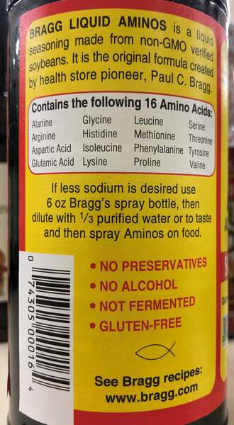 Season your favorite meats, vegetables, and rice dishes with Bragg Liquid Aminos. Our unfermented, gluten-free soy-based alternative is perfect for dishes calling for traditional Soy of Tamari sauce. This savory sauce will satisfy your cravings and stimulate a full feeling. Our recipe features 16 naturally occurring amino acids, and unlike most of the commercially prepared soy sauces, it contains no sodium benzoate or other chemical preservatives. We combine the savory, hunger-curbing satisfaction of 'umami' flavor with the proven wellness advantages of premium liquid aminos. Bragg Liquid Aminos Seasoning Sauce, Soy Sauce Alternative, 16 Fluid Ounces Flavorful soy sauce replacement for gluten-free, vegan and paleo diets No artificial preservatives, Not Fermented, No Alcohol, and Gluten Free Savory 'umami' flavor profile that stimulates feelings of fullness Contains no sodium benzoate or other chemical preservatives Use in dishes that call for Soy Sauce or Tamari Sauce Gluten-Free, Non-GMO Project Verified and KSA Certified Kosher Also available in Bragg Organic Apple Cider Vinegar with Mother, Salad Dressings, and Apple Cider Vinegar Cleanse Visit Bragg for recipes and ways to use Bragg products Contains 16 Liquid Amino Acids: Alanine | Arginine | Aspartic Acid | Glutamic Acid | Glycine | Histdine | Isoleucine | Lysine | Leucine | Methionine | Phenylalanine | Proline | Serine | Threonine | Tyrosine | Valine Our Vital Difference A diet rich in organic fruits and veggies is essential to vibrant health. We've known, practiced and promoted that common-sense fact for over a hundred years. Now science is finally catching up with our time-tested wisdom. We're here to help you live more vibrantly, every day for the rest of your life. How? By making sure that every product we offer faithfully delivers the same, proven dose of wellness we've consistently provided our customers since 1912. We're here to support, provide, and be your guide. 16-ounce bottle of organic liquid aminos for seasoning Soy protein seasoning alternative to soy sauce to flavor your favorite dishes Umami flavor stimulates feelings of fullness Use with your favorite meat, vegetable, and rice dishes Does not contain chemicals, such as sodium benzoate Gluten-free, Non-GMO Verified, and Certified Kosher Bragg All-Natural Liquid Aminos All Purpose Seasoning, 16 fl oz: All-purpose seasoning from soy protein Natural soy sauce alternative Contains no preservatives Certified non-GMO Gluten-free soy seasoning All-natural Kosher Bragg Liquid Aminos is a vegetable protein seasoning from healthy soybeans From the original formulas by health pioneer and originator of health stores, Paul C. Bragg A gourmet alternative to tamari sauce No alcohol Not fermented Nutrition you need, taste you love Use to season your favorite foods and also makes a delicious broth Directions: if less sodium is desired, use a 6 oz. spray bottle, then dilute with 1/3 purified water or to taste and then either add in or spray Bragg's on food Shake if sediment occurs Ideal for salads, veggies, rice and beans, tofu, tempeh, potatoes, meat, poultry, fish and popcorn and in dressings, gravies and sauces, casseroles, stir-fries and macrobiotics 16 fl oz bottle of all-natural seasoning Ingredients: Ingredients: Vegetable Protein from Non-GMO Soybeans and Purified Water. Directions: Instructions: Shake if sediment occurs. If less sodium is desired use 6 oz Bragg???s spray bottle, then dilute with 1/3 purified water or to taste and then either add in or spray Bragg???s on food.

────────────────

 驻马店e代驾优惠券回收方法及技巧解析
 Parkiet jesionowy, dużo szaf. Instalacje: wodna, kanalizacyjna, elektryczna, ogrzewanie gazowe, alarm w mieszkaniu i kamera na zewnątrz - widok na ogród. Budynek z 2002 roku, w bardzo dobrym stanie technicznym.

────────────────

- [Task statement]
Everything from the line with "驻马店e代驾优惠券回收方法及技巧解析" through the line with "Parkiet jesionowy, dużo" should be written out exactly as it appears above, end lines included, and nothing outside that range.

- [Output for this task]
 驻马店e代驾优惠券回收方法及技巧解析
 Parkiet jesionowy, dużo szaf. Instalacje: wodna, kanalizacyjna, elektryczna, ogrzewanie gazowe, alarm w mieszkaniu i kamera na zewnątrz - widok na ogród. Budynek z 2002 roku, w bardzo dobrym stanie technicznym.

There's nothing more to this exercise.